Unnamed: 0,movieId,title,genres
0,1,Toy Story (1995),Adventure|Animation|Children|Comedy|Fantasy
1,2,Jumanji (1995),Adventure|Children|Fantasy
2,3,Grumpier Old Men (1995),Comedy|Romance
3,4,Waiting to Exhale (1995),Comedy|Drama|Romance
4,5,Father of the Bride Part II (1995),Comedy


In [8]:
df_ratings.head()

Unnamed: 0,userId,movieId,rating,timestamp
0,1,31,2.5,1260759144
1,1,1029,3.0,1260759179
2,1,1061,3.0,1260759182
3,1,1129,2.0,1260759185
4,1,1172,4.0,1260759205


# Descriptive Questions
- What's the most popular movie
- Most popular genre of movie per year
- Clusters of users
- After a movie of genre X which other genre is watched
- number rating per year
- Correlation between number movies watched and average score given
- Relation between years and genres
- Relation between ratings and genre
- relation between ratings and year
- Clusters of movies
- Correlations between genres

# Task 1 Part b) Data preprocessing
1. Make a data matrix G that expresses the association between movies and genres
    - movieID (rows) and Genres (cols) - Surprises, some MovieIDs don't correspond to a movie.
2. Plot the number of movies per genre
    - some movies may not carry a genre. What does this look like?
3. Visualize the tendency of genres to co-occur in the samemovies
    - Hint: a useful tool is the matplotlib function imshow
    - genres vs genres with a count 

# Task 1 Part c) Statistics
1. Compute and visualize the following:
    - histogram of number of genres per movie
    - histogram of number of movies per user
    - histogram of number of users per movie
    - histogram of average score per movie

# Task 2 Part a) Changing basis
1. Determine a more convenient basis to represent the movie-users score matrix
    - 100004 ratings and 1296 tag applications across 9125 movies with 671 users
    - Find a better basis for this data. Rather than having every movie with 600 possible users, we could create a weight/feature for a type of user. E.g. There will be users who likes action, users who like a mixture of movies like action and romance. 
2. Plot the reconstruction quality with respect to the number of singular vectors
    - How good is our new basis? Think of the fish example from the lectures. 

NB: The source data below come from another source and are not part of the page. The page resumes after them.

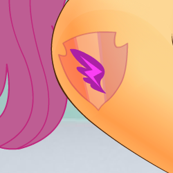 G4 Scootaloo's real cutie mark as of Series 5, Episode 18 and later. I've made the background of the shield more transparent to allow the individual part to stand out more, not an uncommon tweak in fanart TBH.
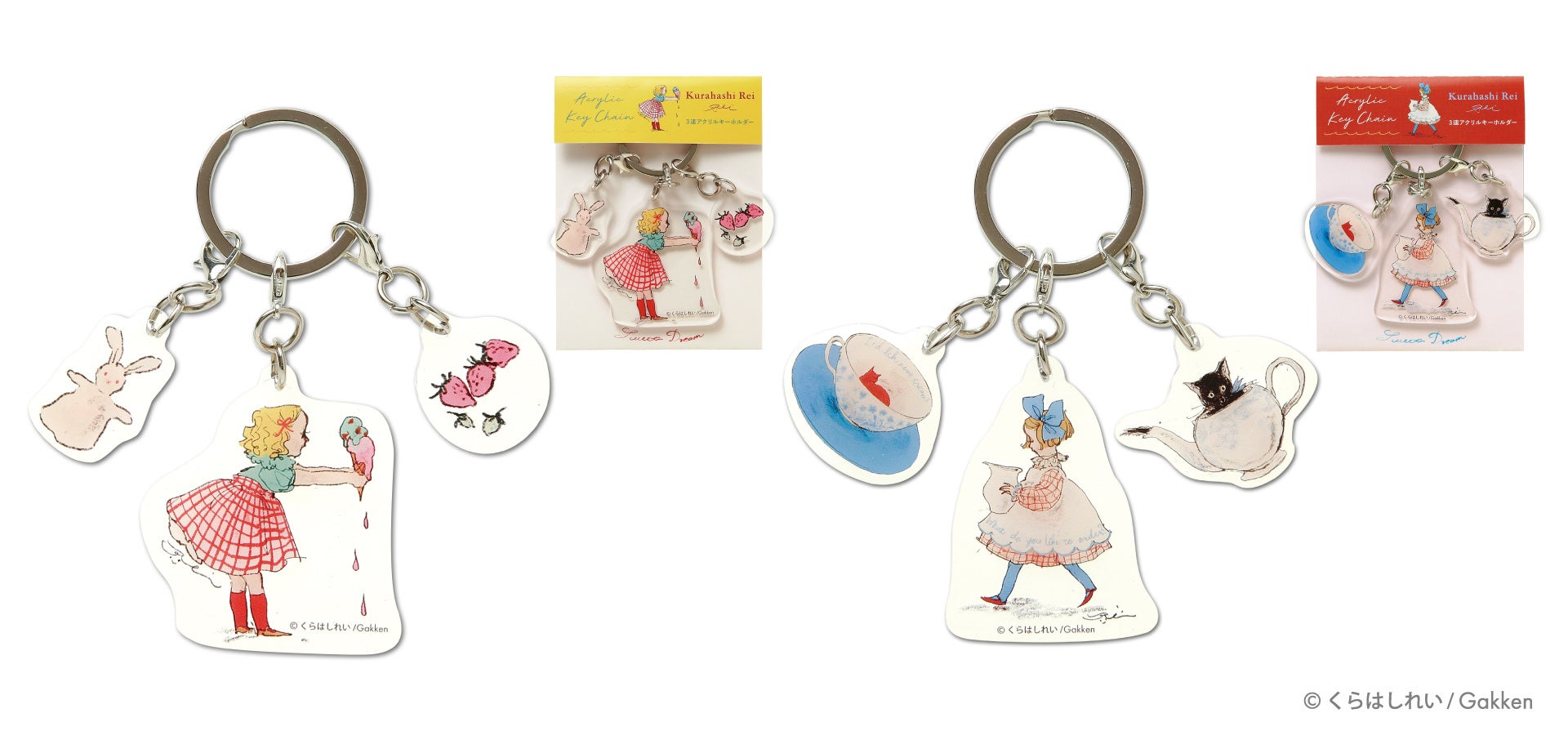女の子とねこやうさぎ、食べ物のアートの組み合わせがかわいい、3連アクリルキーホルダー。1つ1つばらばらに付けることもできるので、チャームとしてもお使いいただけます。
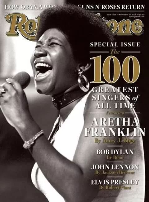 音乐杂志《滚石》(Rolling Stone)在2008年评选出了“史上最伟大的百名歌手”,一时所有人都在关注“第一”会花落谁家。猫王Elvis Presley,排在了第三名;人们最为熟知的披头士乐队主唱John Lennon排在了第五,歌王Ray Charles排在第二。他们都没敌过一个黑皮肤的胖女人,这个女人便是Aretha Franklin,她当之无愧。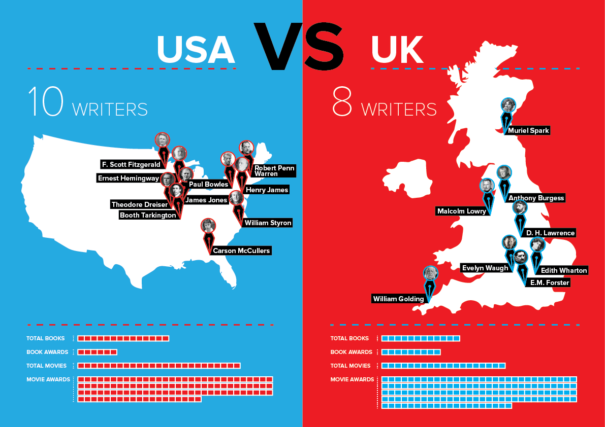 In een dataset met de 100 meest invloedrijke boeken ooit, bleken vooral schrijvers uit Amerika en het Verenigd Koninkrijk te staan. In een visualisatie heb ik deze twee landen (weer) tegenover elkaar gezet en gevisualiseerd welk land de meeste prijzen heeft gewonnen dankzij deze boeken.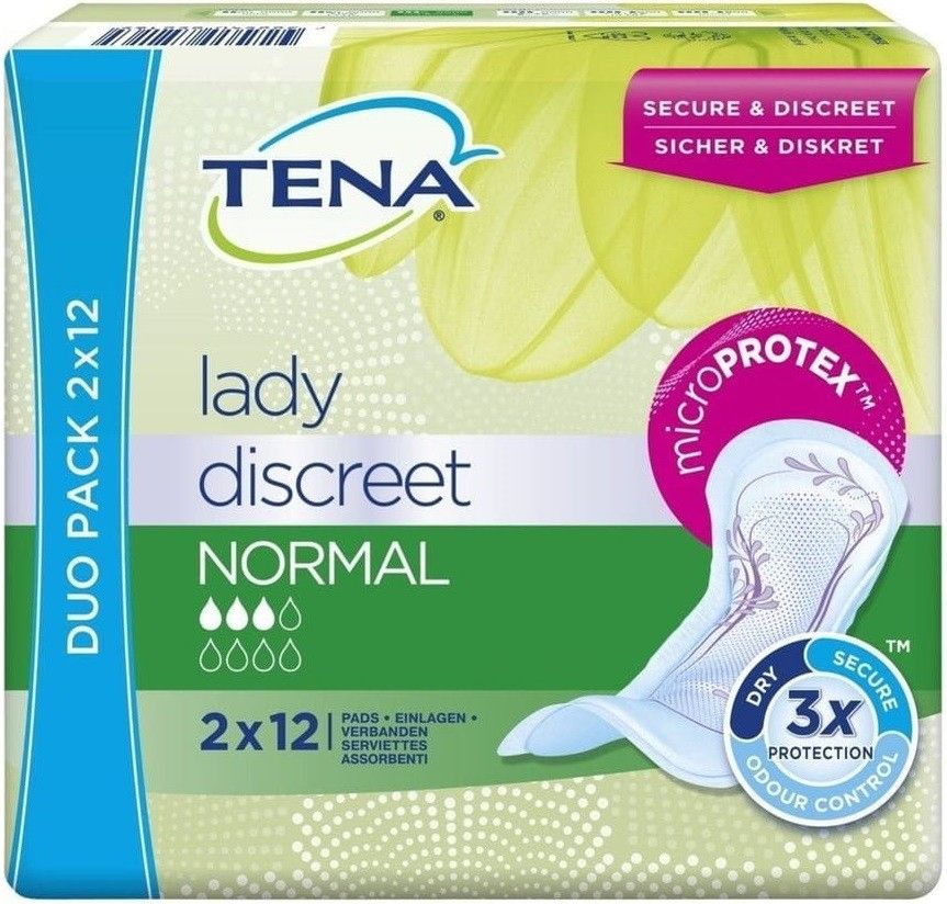 TENA Lady Discreet Normal Pads, Pack of 24 Pieces:

# Task 2 Part b) Explain principal directions
1. Encode users according to the genres they like
    - what is the relationship between users and genres. What associations can we make?
2. Encode movies according to SVD decomposition of movieuser score matrix
3. How can we interpret the information captured by the SVD basis?
4. Explain SVD basis according to genres: for each basis vector report the k most positively associated genres and the k most negatively associated genres

# Task 2 Part c) Understand the axis
1. Plot the loading of each genre for the first 10 basis vectors

# Task 3 Part a) Movies visualization
1. Make a 2D plotting function using two arbitrary SVD basis vectors to project all movies.
2. For efficiency reasons, exclude movies that are too close to the origin.
3. Find movies that, in the chosen 2D representation, are closest to a regularly spaced grid and display their titles on the plot.

# Task 3 Part b) Movie info
1. Plot the coordinates for a movie given its id.

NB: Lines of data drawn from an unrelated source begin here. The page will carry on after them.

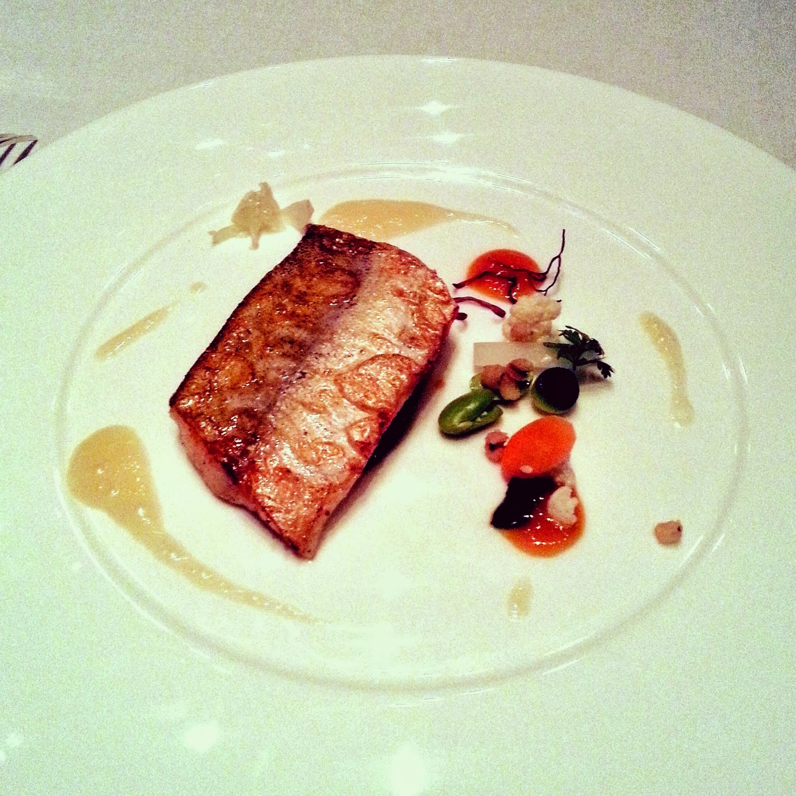 Our second course was yellow fin tuna, smoked salmon mousse, togarashi and lemon caviar. Described as one of the highlights of the evening, this was easily my favourite course of the night. The tuna was heavenly and melted in your mouth but it was the spiced nougatine on top that made this dish a revelation. The delicate snap and the sweetness of the nougatine paired with the tenderness of the tuna was an unusual but genius combination.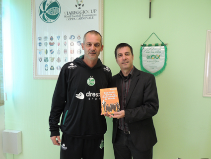 Treinador do Juventude, Lisca, e Sérgio da Silva Almeida com o livro do palestrante “Sucesso é Viver na Contramão do Mundo”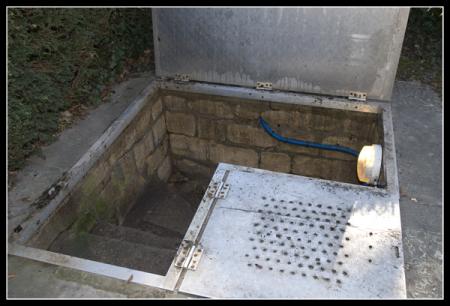 sous ce puits "factice" passe un souterrain. Le coeur historique de Pontoise est édifié sur un plateau calcaire. Cette roche fut exploitée tout au long du moyen âge comme en témoignent les nombreuses carrières souterraines.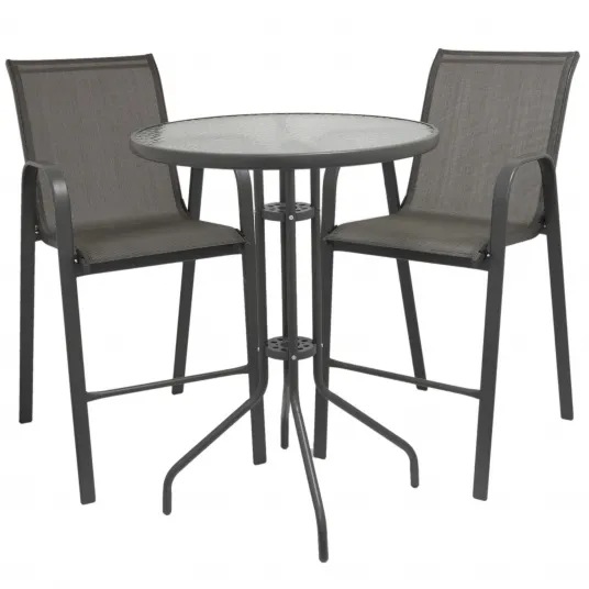 Set mobilier gradina/terasa/balcon Kring Bruxelles Bar, masa, 2 scaune, metal/sticla, gri

# Task 3 Part c) Movie in context
1. Find movie id from words in the title
2. Select two axis and report
3. movie info
4. both axis info
5. marked movie in movies 2D plot

# Task 4 Part a) Predict user score
1. Select 4000 scores at random from users at random.
    - it will be based on the principal components
2. Replace these scores with the average score for the corresponding movie to simulate missing values.
3. Using the truncated SVD decomposition with 400 singular vectors approximate the missing scores.
4. Evaluate the accuracy of the reconstruction using a scatter plot.

# Task 4 Part b) classification for individual movie
1. Select a movie at random that has been seen by many users.
2. Consider only the users that have scored the movie.
3. Assume that a score above, say, 4.5 is positive and below negative. This is the target that needs to be predicted.
    - Note: remove the movie score information from the data matrix (e.g. by setting all score entries to 0).
4. Consider a 50% split between positive and negative users.
5. Build a classification algorithm for the problem (no external library such as `scikit`).
6. Compute the accuracy and the baseline accuracy (i.e. the accuracy of a random classifier).